Ноги ее приустали, она сняла с себя башмаки, повесила на ленточке через плечо, нарочно норовила, сверкая белыми икрами, идти по росе, и огонь, мучивший ее тело, утихал. В церкви она молилась тоже только об одном, чтобы скорее настали холода, и, глядя на икону прикрытой рубищем Марии Египетской, просила у нее ее крепости одолеть свою похоть, но молитвенные мысли ее мешались с воспоминаниями о жгучей любви, она ловила себя на этом и, падая на колени, стукалась лбом о каменный пол до боли.
2
По дороге обратно идти ей казалось труднее, с томленого тела градом катился пот, рубаха прилипла к телу, а глаза мутились и ничего не видели. Она не помнила, как дошла до перекрестка объезжих дорог, и очнулась лишь тогда, когда догнавший ее попутчик окликнул и ухватил за плечо.
– Ты эфто, бабенка, дыляко пробираисси-то... а? – спросил он, лукаво щуря на нее глаза. – А то, можа, вместе в лощинке и отдохнем малость?
Палага не слышала его слов, но стало приятно идти с ним, она весело взглянула ему в глаза и улыбнулась. Лицо его было молодое, только что покрывшееся пухом, глаза горели задором и смелостью. Можно было подумать, что он не касался ни одной бабы, но и можно было предположить, что он ни одной не давал проходу.
– Таперича я знаю, – ты чья, – сказал он, пристально вглядываясь в лицо, – ты эфто, знычить, жена Корнея Бударки будешь... так оно и есть... Я тибе ище со свадьбы вашиной помню. Славная ты, кык я ны тибе пыглижу. Эн лицо-то какое смазливое.
Палага подозрительно смерила его с ног до головы и сказала:
– Жинитца пора тибе, чем по полю прохожих-то ловить. За этакое дело в острог сажают.
Парень обидчиво приостановился и выругался:
– Сибе дороже стоить, чем ломать на всяку сволочь глаза свои!
Палага, обернувшись, захохотала:
– А ты и вправду думаешь, што я боюсь тибе?
Сказав, она почувствовала, как груди ее защемили снова, глаза затуманились. Она забыла, зачем ходила в церковь, ночью выскакивала окунать свою голову в воду. Когда парень взял ее за руку, она не отняла руки, а еще плотней прижалась к нему и шла, запрокинув голову, как угорелая; кофточка на ней расстегнулась, платок соскочил.
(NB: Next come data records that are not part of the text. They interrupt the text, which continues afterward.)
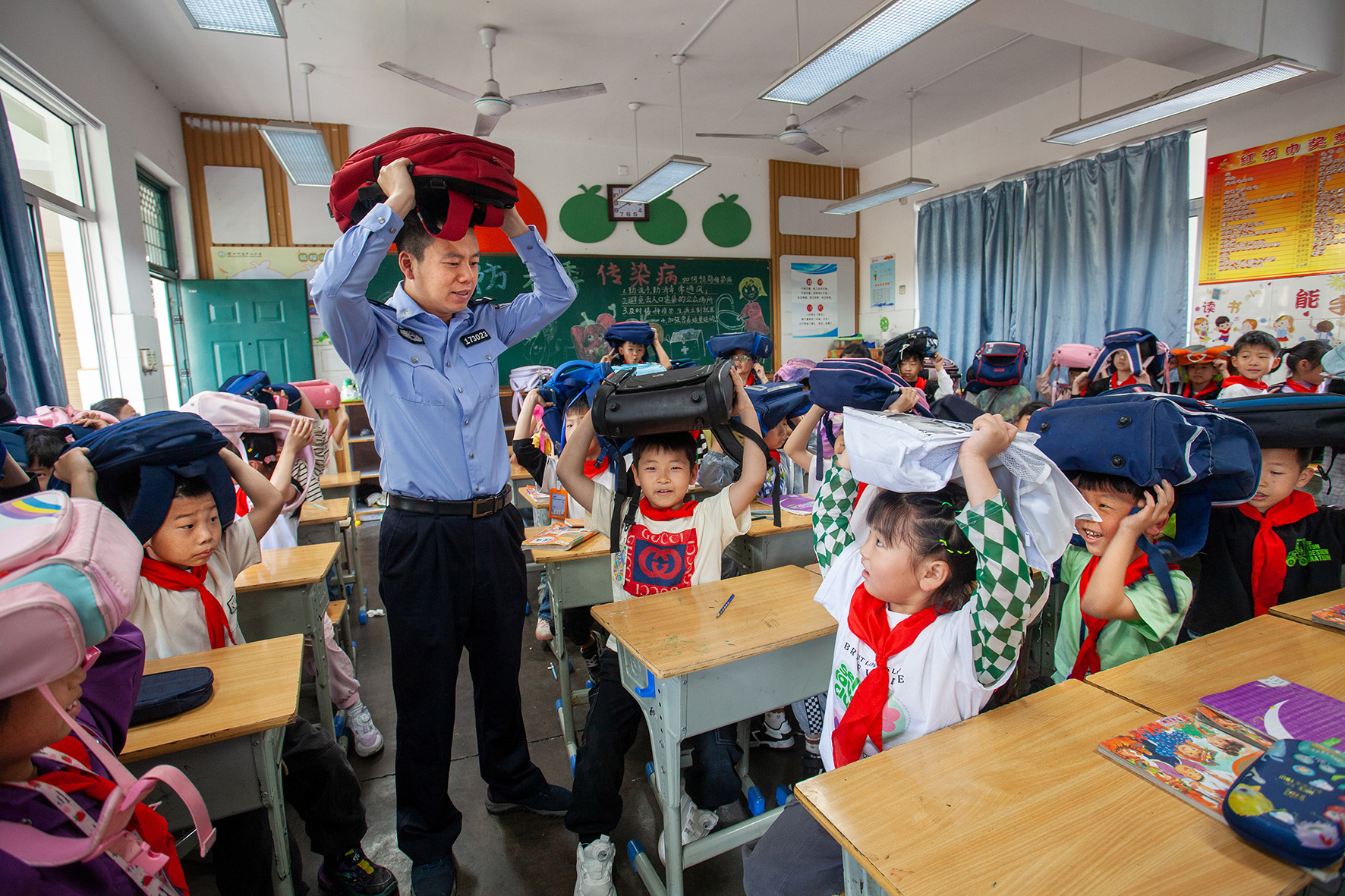 5月9日,安徽省合肥市公安局瑤海分局龍崗派出所民警走進轄區(qū)學(xué)校開展防震減災(zāi)應(yīng)急疏散演練活動。
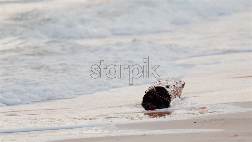 A weathered piece of driftwood gently washed by sea waves on a sandy beach in Golfe Juan, France Royalty Free Stock Video Footage
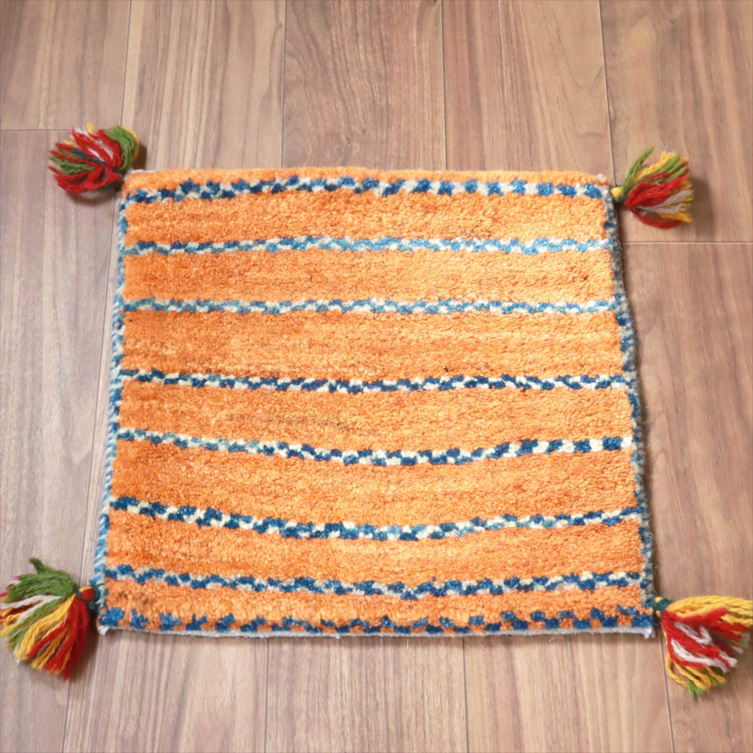 - ギャッベ イラン産手織り 座布団サイズ 42x44cm オレンジ
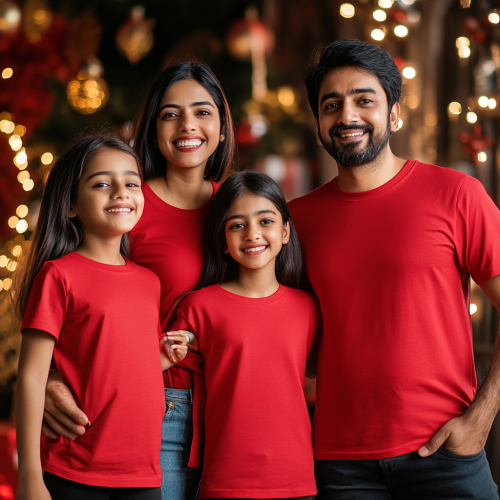 indian family of 4 people ,father,mother and 2 children wearing red half sleeve plain tshirt in xmas ambiance with editable front tshirt print area

– А должно, плохо биз мужа живетца-то, – говорил он, – я, хошь, к тибе приходить буду!
– Приходи!
Солнце уже клонилось к закату, тени от кустов были большие, но в воздухе еще висел зной, пахнущий рожью.
Палага опустилась на колени и села. Она вся тянулась к земле и старалась, чтобы не упасть, ухватиться за куст. Парень подполз к ней ближе, обнял ее за шею.
Уже в душе ее ничего не было страшного, и не было больно за то, что вот что-то порывается в ее жизни; она прилегла на траву и закрыла глаза. Чувствовала, как парень горячими щеками прилипал к ее груди, его немного горькие от табаку губы, и когда почувствовала его жесткие руки, приподнялась и отпихнула его в сторону.
– Не нужно, – сказала она, задыхаясь, и, запрокинув голову, опустилась опять на траву. – Не нужно, тибе говорю!
Когда она ударила парня по лицу, он опешил, и, воспользовавшись этим, она побежала, подобрав подол, к дому.
Парень отстал. На повороте она заметила только один его мелькнувший картуз, пригнулась и быстро шмыгнула в рожь. Прижалась к земле и старалась не проронить ни звука.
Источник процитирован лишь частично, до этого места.